# WORK ITEM
Reproduce only what runs from the line containing "大阪工業大学へのご進学をご検" to the line containing "PAIR MATCHING CYCLONE" in the records below, inclusive. Keep it exact, and keep the pictures out.

# STUDY MATERIAL
*-*-*
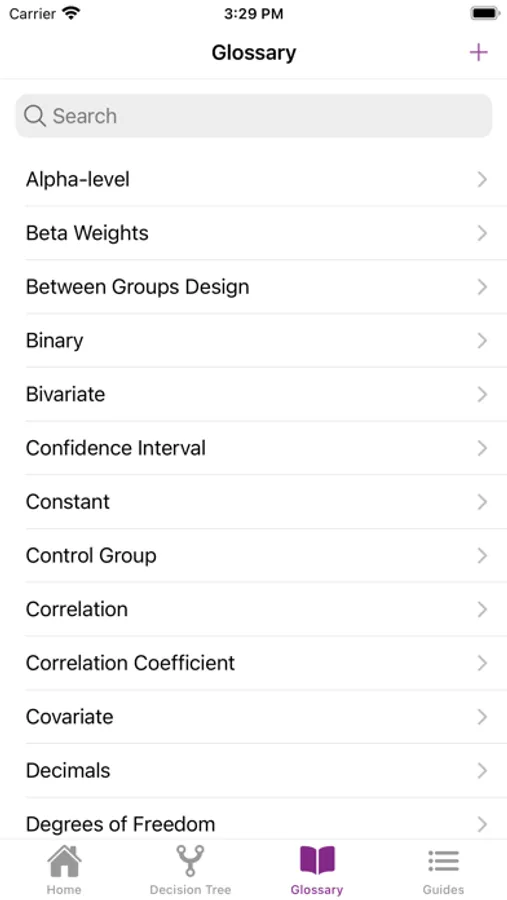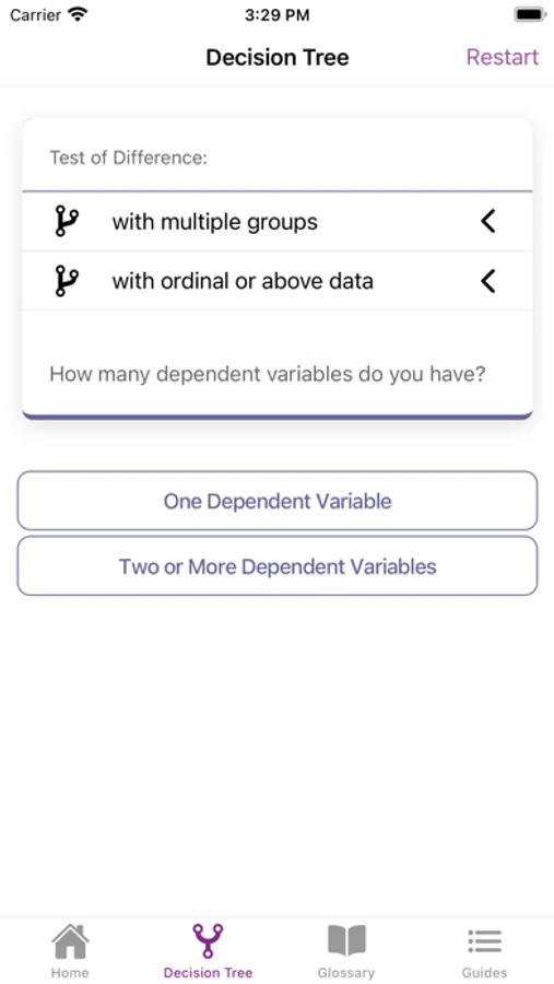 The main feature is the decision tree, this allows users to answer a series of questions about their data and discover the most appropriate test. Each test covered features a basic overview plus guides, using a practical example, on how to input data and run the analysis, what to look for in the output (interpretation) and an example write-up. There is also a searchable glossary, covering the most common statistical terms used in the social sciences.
*-*-*
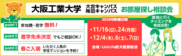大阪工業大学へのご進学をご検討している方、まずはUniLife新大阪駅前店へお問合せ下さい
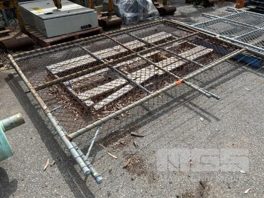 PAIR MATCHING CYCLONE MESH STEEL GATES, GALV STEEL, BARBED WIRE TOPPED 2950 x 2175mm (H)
*-*-*
# THE ANSWER
大阪工業大学へのご進学をご検討している方、まずはUniLife新大阪駅前店へお問合せ下さい
 PAIR MATCHING CYCLONE MESH STEEL GATES, GALV STEEL, BARBED WIRE TOPPED 2950 x 2175mm (H)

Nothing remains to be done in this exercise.